▸ **Supplied information**

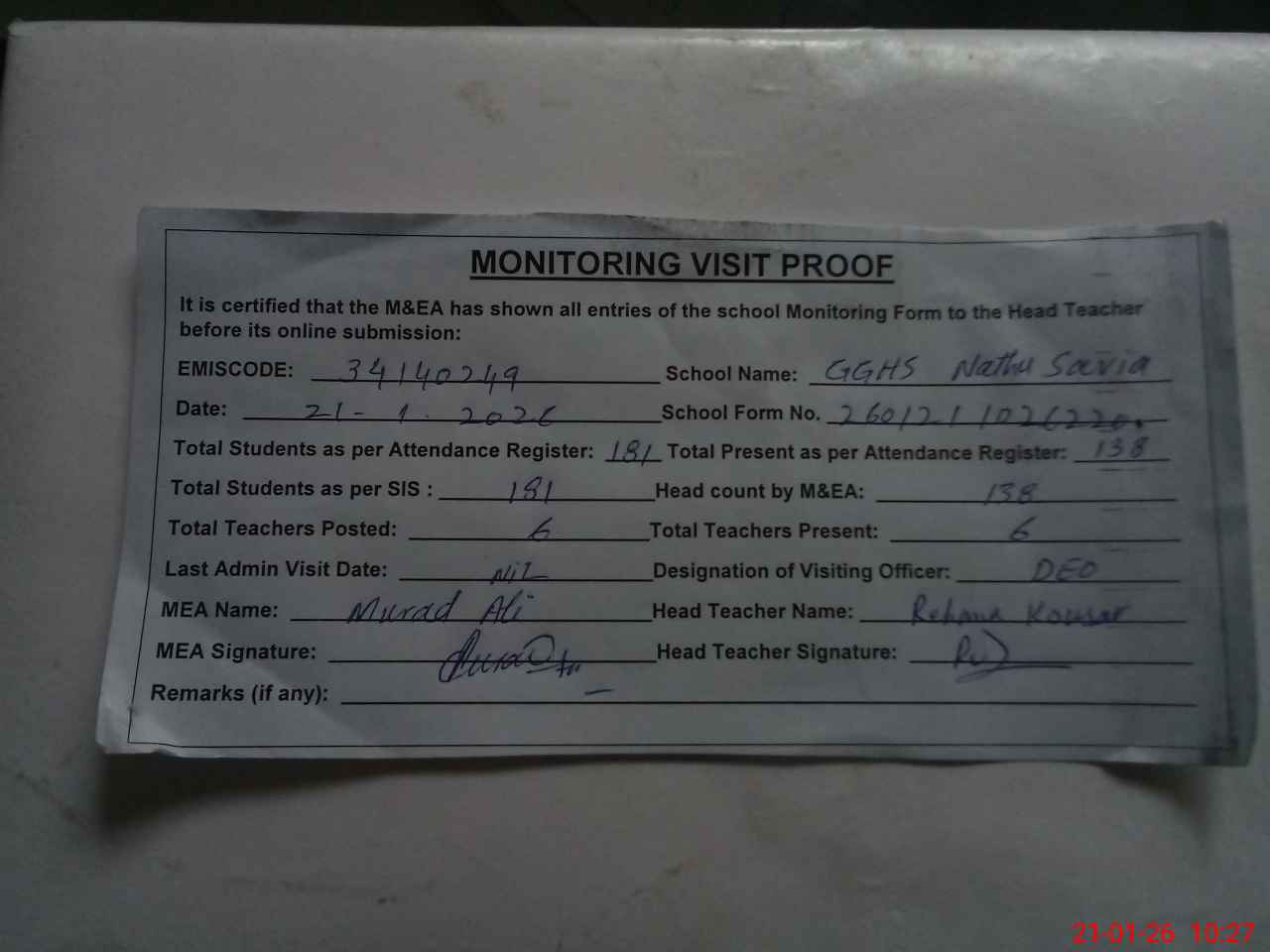 | Attendance Register | Head Teacher | MEA with School | Visit Proof |
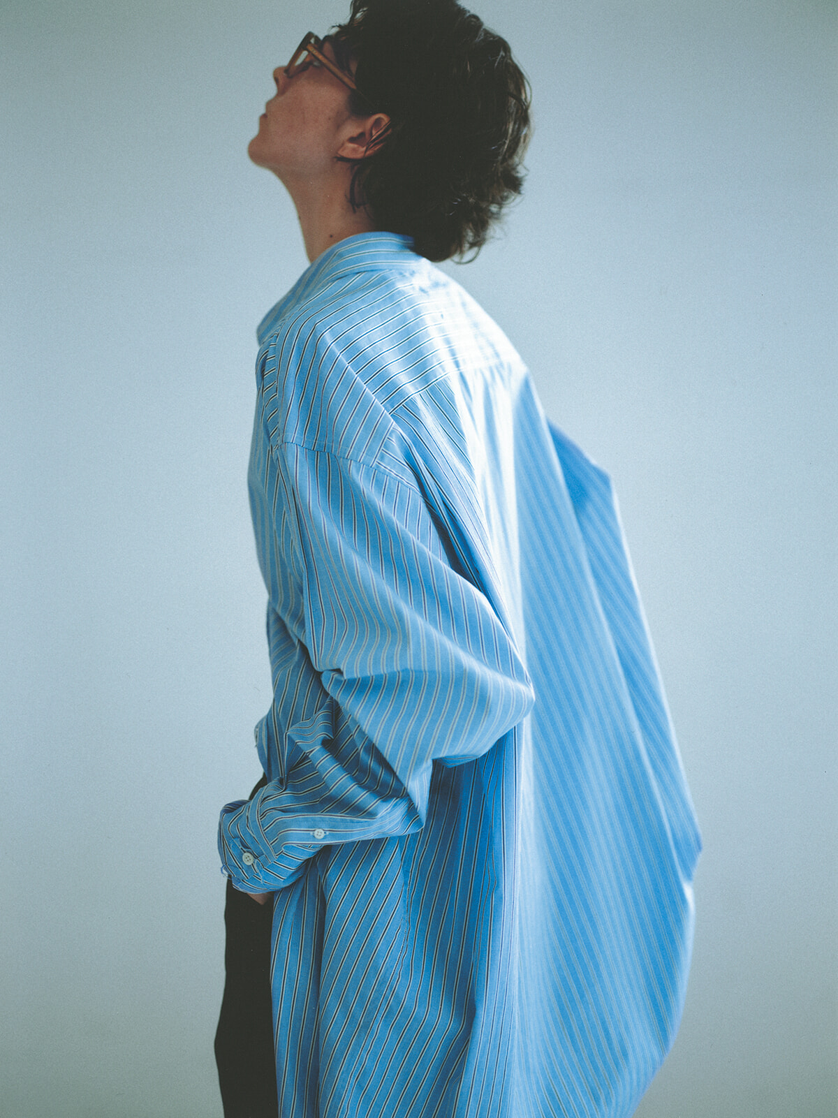 デフォルメされたビッグシルエットのシャツは、グランパシャツのような気分でマニッシュに着こなしたい。かしこまりすぎず、カジュアルすぎない絶妙なバランスの一着はオンでもオフでも。
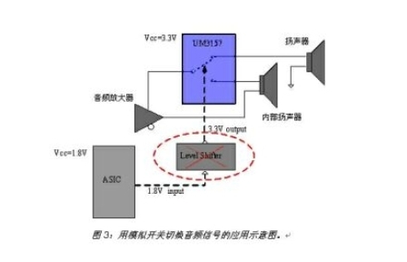 此外,英聯(lián)電子的低ICCT系列模擬開關(guān)具有更低的VIH電平值,可以采用較低的控制電平實(shí)現(xiàn)開關(guān)的高電平切換控制。這種特性大大減少了電路復(fù)雜性,特別是在供電電源和控制信號(hào)電平不匹配的便攜產(chǎn)品應(yīng)用中,可省去電平轉(zhuǎn)換模塊,從而有效降低了成本。以圖3所示的模擬開關(guān)切換音頻信號(hào)為例,如果采用ASIC輸出的1.8V電平作為UM3157控制管腳的輸入,則不必采用電平轉(zhuǎn)移器,就能在漏電流很小的情況下實(shí)現(xiàn)開關(guān)切換。此外,由于低ICCT模擬開關(guān)的電流功耗很低(大約1uA),且開關(guān)的導(dǎo)通電阻隨工作電壓的增加而降低,所以可以采用較高的供電電壓來實(shí)現(xiàn)更低的導(dǎo)通電阻。低導(dǎo)通電阻對(duì)典型的音頻開關(guān)或USB應(yīng)用而言非常重要。
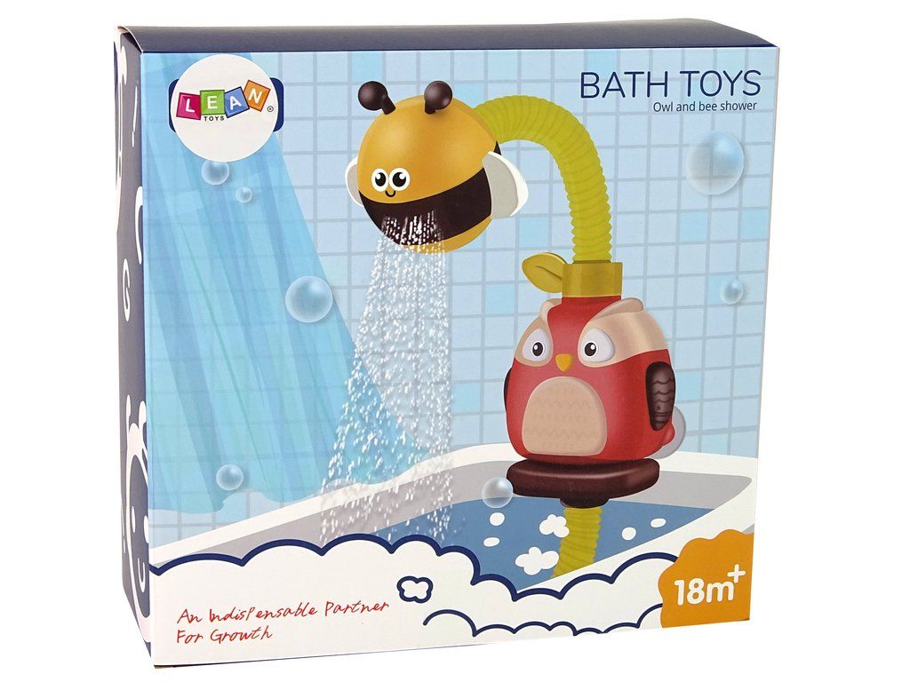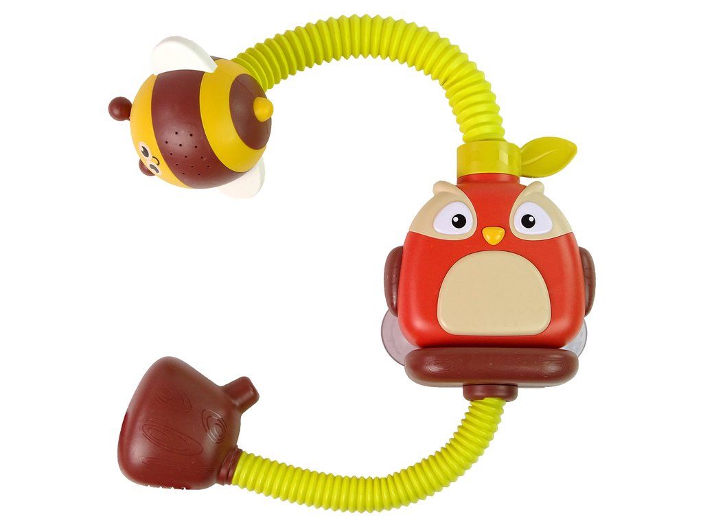 Sovička má na zadní straně přísavky pro připevnění k vaně. Spodní část hračky by měla být ve vodě. Jakmile je hračka připevněna, stačí stisknout hubici, spodní konec nasává vodu směrem nahoru, dokud nevyteče ze sprchy ve tvaru včely.
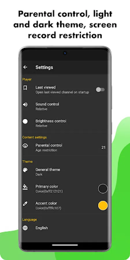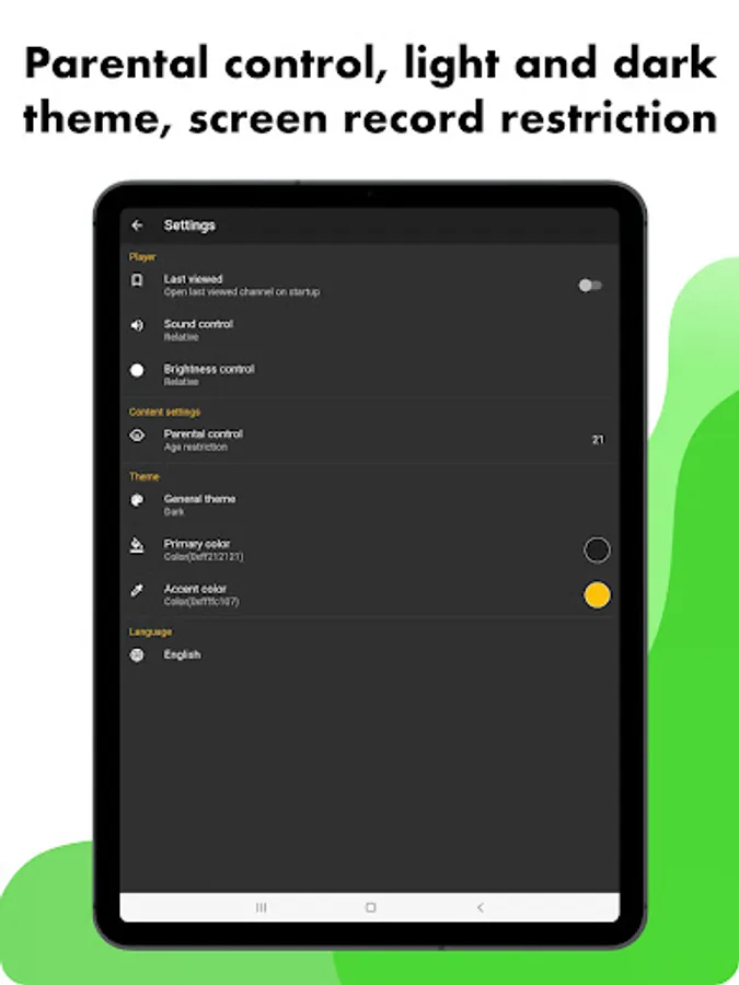 - Parental Control to lock channels and category

▸ **What you have to do**
Leaving out the pictures, restate word for word the lines above from the one containing "デフォルメされたビッグシルエ" through the end of the records, both ends included.

▸ **Solution to the problem**
 デフォルメされたビッグシルエットのシャツは、グランパシャツのような気分でマニッシュに着こなしたい。かしこまりすぎず、カジュアルすぎない絶妙なバランスの一着はオンでもオフでも。
 此外,英聯(lián)電子的低ICCT系列模擬開關(guān)具有更低的VIH電平值,可以采用較低的控制電平實(shí)現(xiàn)開關(guān)的高電平切換控制。這種特性大大減少了電路復(fù)雜性,特別是在供電電源和控制信號(hào)電平不匹配的便攜產(chǎn)品應(yīng)用中,可省去電平轉(zhuǎn)換模塊,從而有效降低了成本。以圖3所示的模擬開關(guān)切換音頻信號(hào)為例,如果采用ASIC輸出的1.8V電平作為UM3157控制管腳的輸入,則不必采用電平轉(zhuǎn)移器,就能在漏電流很小的情況下實(shí)現(xiàn)開關(guān)切換。此外,由于低ICCT模擬開關(guān)的電流功耗很低(大約1uA),且開關(guān)的導(dǎo)通電阻隨工作電壓的增加而降低,所以可以采用較高的供電電壓來實(shí)現(xiàn)更低的導(dǎo)通電阻。低導(dǎo)通電阻對(duì)典型的音頻開關(guān)或USB應(yīng)用而言非常重要。
 Sovička má na zadní straně přísavky pro připevnění k vaně. Spodní část hračky by měla být ve vodě. Jakmile je hračka připevněna, stačí stisknout hubici, spodní konec nasává vodu směrem nahoru, dokud nevyteče ze sprchy ve tvaru včely.
 - Parental Control to lock channels and category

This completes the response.